‘Vertel verhalen, op de pleinen, in theaters, klaslokalen.’ Het is de centrale zin uit het lied dat op de belangrijkste momenten van Sprookjessprokkelaar te horen is. En in attractieparken, zou je er cynisch aan toe kunnen voegen, maar waar het niveau van de voorstellingen in het gemiddelde attractiepark zo bedroevend is dat geen kind of ouder ooit nog naar het theater wil, levert de Efteling inmiddels al haar vijftiende hoogwaardige musical af die zeker in dit geval de concurrentie met andere sprookjesmusicals gemakkelijk aankan.

Verbeelding staat centraal in de musical en het boek van Paul van Loon en prinses Leontien waarin een twaalfjarig meisje (Sterre) blijft hangen aan het verleden, gesymboliseerd door het enige boek dat ze nog leest omdat dat dit haar overleden moeder in herinnering levend houdt. Als ze dit boek letterlijk heeft stukgelezen, stuurt haar grootvader haar naar de sprookjesbibliotheek van de Sprookjessprokkelaar.

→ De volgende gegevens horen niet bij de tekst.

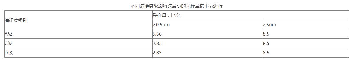 測試步驟:要在潔凈室(區)凈化空氣系統已處于正常運行狀態,潔凈室(區)應沒有生產人員的情況下進行測試。按照塵埃粒子計數器標準操作規程測量大于等于0.5um、大于等于5um粒子濃度。測量是靜態測試,要在HVAC系統至少運行30分鐘后開始采樣,按照少量采樣點數在房間內均勻分布,總采樣次數不得少于3次。

Niet alleen omdat het tijd is voor nieuwe verhalen, maar bovenal omdat het tijd is het verleden los te laten voor nieuwe avonturen.

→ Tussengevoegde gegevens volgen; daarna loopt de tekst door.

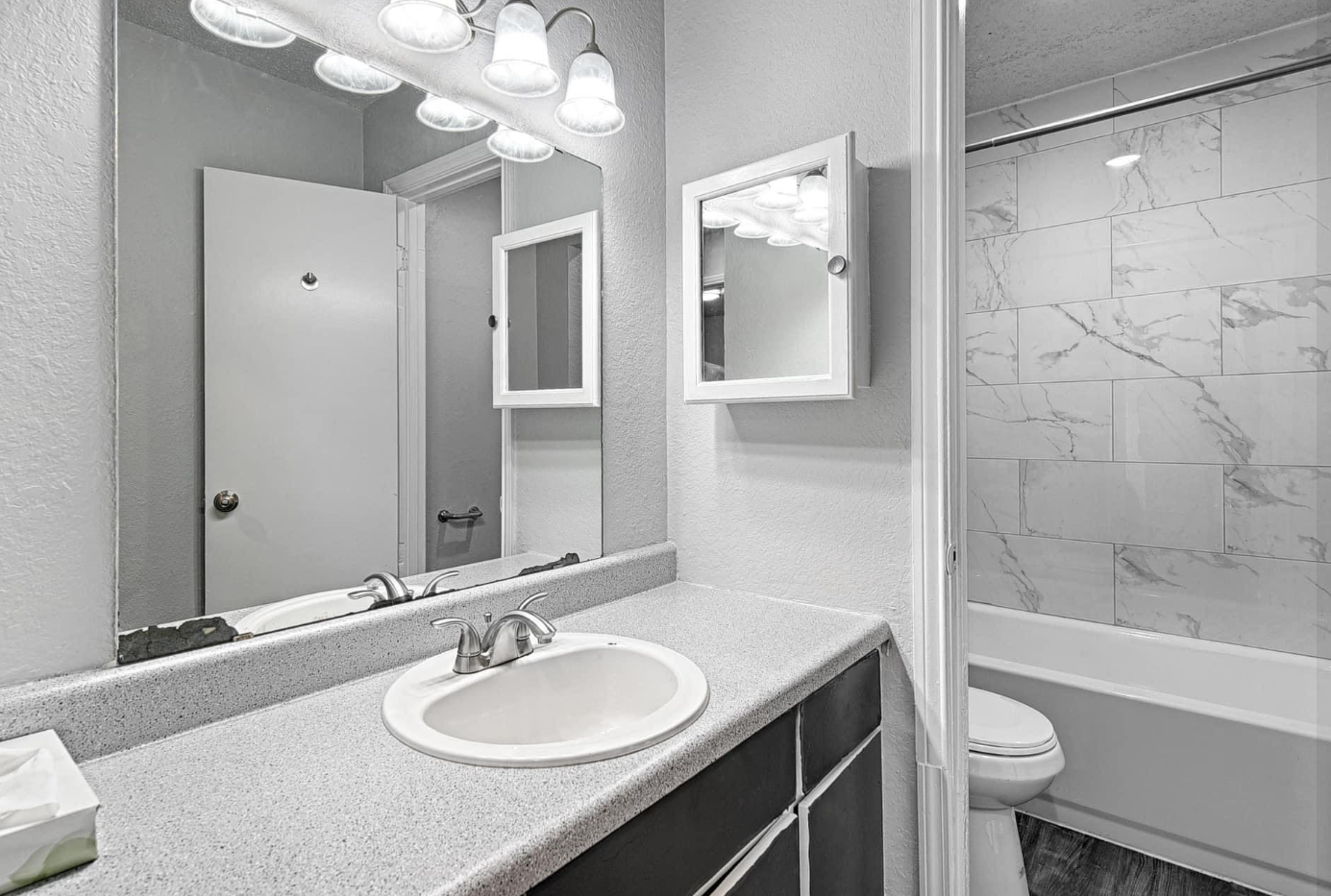 Experience the exceptional in this expansive 895 square foot one-bedroom apartment, featuring generous walk-in closets. Enjoy the elegance of granite countertops and stunning new tub surrounds in select units. Benefit from central heating and air conditioning, solar screens, dishwashers, and the latest stainless steel appliances available in select units. This is modern living at its finest.

Die sprookjesbibliotheek bevindt zich in een van de honderd kamers van een vervloekt en verlaten kasteel, waarbij achter elke deur andere merkwaardige personages zich schuilhouden. Dit gegeven biedt Allard Blom de kans om personages uit andere sprookjes een plaats te geven in de raamvertelling die Sprookjessprokkelaar is. Ook regisseur Mark van Haasteren en decorontwerper Joris van Veldhoven grijpen hun kans om de voorstelling variatie te geven met beide handen aan. Door elke scène een duidelijk andere speelstijl mee te geven, maar ook door naast het constant draaiende decor, dat uit een enorme bos sprokkelhout bestaat, louter deuren en lijsten te tonen die steevast een nieuw verhaal of avontuur met zich meebrengen.

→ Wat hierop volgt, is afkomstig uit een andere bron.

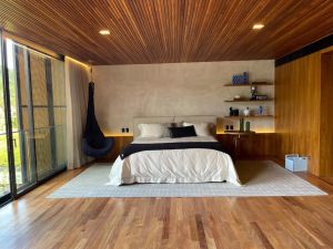 Na casa principal, além das suítes dos moradores, foram construídas duas suítes com closet para acomodar os familiares mais próximos. Duas gourmeterias no pavimento íntimo completam a estrutura para oferecer mais conforto e praticidade aos moradores e hóspedes.
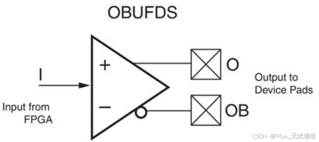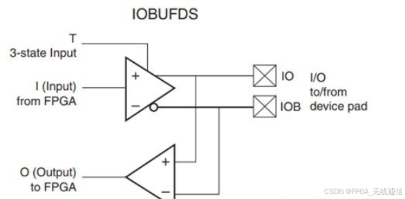 I的单端信号被转换为差分信号,驱动到IO(与I同相)和IOB(与I反相)。

De voorstelling krijgt zo naast veel variatie ook veel snelheid, waarbij de rustmomenten gek genoeg zitten in de acrobatiek en dansscènes. Ook de muziek van René Merkelbach speelt met tempowisselingen, schuwt de grootse melodie niet, maar eist niet alle aandacht op, is meer bescheiden en ondersteunt juist daardoor het verhaal. Mooi is hoe deze musical, zonder dat kinderen of ouders dat meteen beseffen, ook de geschiedenis van de Efteling illustreert: van sprookjespark dat louter toont tot attractiepark dat kinderen en hun ouders ervaringen wil bieden. Verrassend is hoe Sprookjessprokkelaar niet eindigt met een meezinger, maar juist ingetogen de boodschap herhaalt: ‘vertel verhalen’. Als je ze niet deelt, dan verdwijnen ze.

Dat vertellen kun je fiks uitvergroot doen, zoals ook te zien is in deze musical, met veel gebaren, toeters en bellen, maar ook bijna te ingetogen, mooi geïllustreerd door Käthe Staallekker die zowel de dromerige moeder van Stella als de kwade ‘heks’ in dit sprookje speelt. Maar wat deze productie vooral onderscheidt van het merendeel van het commercieel familietheater, is dat Van Haasteren Sterre (ik zag Noa Zwan, maar zij wordt ook vertolkt door Gioia Parijs, Ida Verspaandonk en Fiene Heijmans) in tegenstelling tot alle andere personages zo naturel mogelijk laat spelen, waardoor zij meteen herkenbaar is voor iedereen.

Wat Sprookjessprokkelaar bijzonder maakt, is dat de hele voorstelling oproept tot het delen van de theaterervaring, inderdaad op schoolpleinen en in de klaslokalen. Niet alleen voor zichzelf, maar ook voor andere gezelschappen, commercieel of gesubsidieerd. Want juist in die sprong in het onbekende, het niet vooraf weten wat zich achter die (theater)deur bevindt, zit het avontuur.